While this might not be a 2008 it could be a repeat of the 1970s. Below is a chart showing the inflation rate and home prices from 1973 to 1982.

The last time the government went crazy printing money (inflation) was in the 70s. Home values still went up every. single. year. Even when mortgage interest rates were 16-18%. Even when we had two back-to-back recessions in the early 80s. Prices continued to rise. Also, let me define prices a little bit, List prices are what sellers wish they could get, and those prices will start coming down-but home values-their actual worth and actual selling prices-aren't-instead they are still going slowly up.

Meanwhile, a lot of economists are forecasting a recession, while some say we are already in one, and others are more hopeful. A recession slows down the "economic activity" across the economy but guess what...

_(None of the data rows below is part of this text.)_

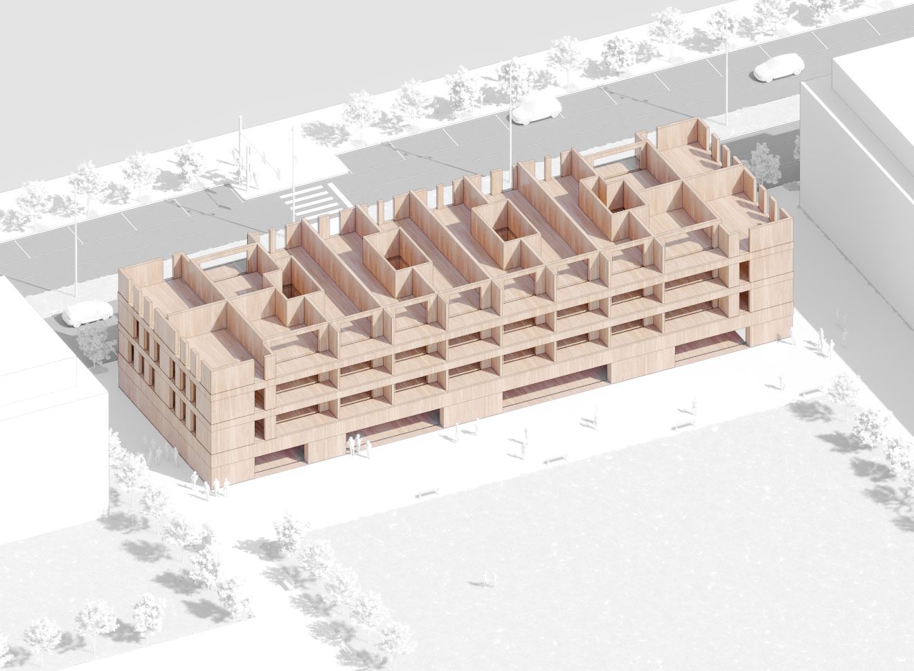 Dar solución al programa de forma sencilla, con criterios asimilables a construcciones de consumo casi nulo. Las viviendas disponen todas ellas de doble orientación, 18 viviendas de dos dormitorios con orientación Norte-Sur y 12 viviendas de tres dormitorios con doble orientación, 3 viviendas de 4 dormitorios con orientación Norte-Sur y 4 de 1 dormitorio con orientación doble en áticos. Se obtiene así un total de **37 viviendas **que superan el número señalado en la ficha urbanística pero dentro del incremento de viviendas permitido en la misma según el cómputo del número de piezas.
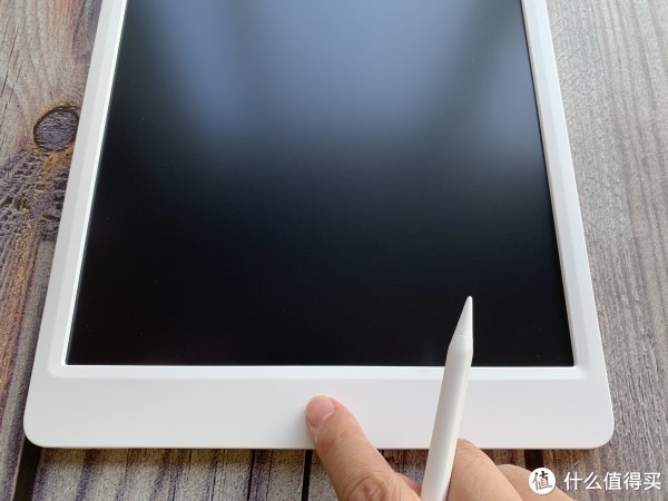 米家液晶下黑板的使用比较简单,液晶面板是压感显示的,有压力就会变成暗绿色,通过手写笔可以在液晶书写区域随意的涂涂画画。
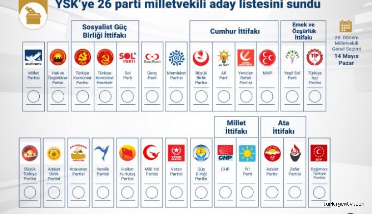 Yüksek Seçim Kurulu Başkanı Ahmet Yener, 14 Mayıs'ta yapılacak 28. Dönem Milletvekili Genel Seçimi için 26 siyasi partinin aday listesi sunduğunu bildirdi.
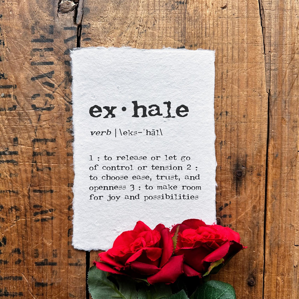 Exhale means to release or let go of control or tension, to choose ease, trust, and openness, and to make room for joy and possibilities.
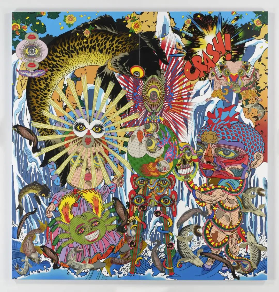 田名网敬一, 《深谷的诱惑》, 颜料墨水、丙烯丝网印刷介质、碎玻璃、亮粉、丙烯颜料、画布, 209 x 200 cm, 2024 ©NANZUKA
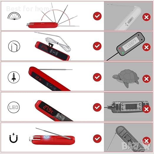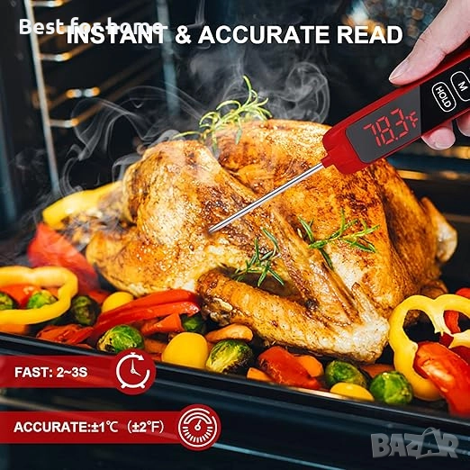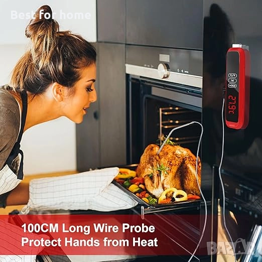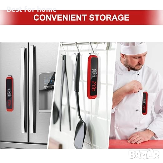 Безопасност и лекота на употреба: термометърът има вградени магнити на гърба и отвори за окачване за хладилници и кукички, които улесняват съхранението и намирането на термометри за барбекю. Освен това има дълъг експлоатационен живот и издръжливост, а подобрените висококачествени материали гарантират, че храната ви е по-здравословна.

“If we look back at the last six recessions, mortgage rates ended up coming down — because that is exactly what happens to mortgage rates during a recession — and home values held the line or slightly increased in value. As an asset class, real estate historically has been very protected and performed strongly during recessionary and inflationary periods.”

-- Mortgage Expert Arjun Dhingra

Check out the podcast episode "What a Recession means for Housing Prices and the Housing Market": https://themortgagereports.com/92940/recession-housing-market-2022-podcast

For even more information and for the source of this fantastic graph, check out "Recession, Interest Rates, and Real Estate" article on the mortgage specialists page.

So I don't have a crystal ball, and there are still so many other factors that could make this a truly fascinating ride (the war in Ukraine, for example) but as of right now I'd say, yes, it's still worth it to purchase a home. Is it worth it to sell? Yes, inventory is still low and demand is high.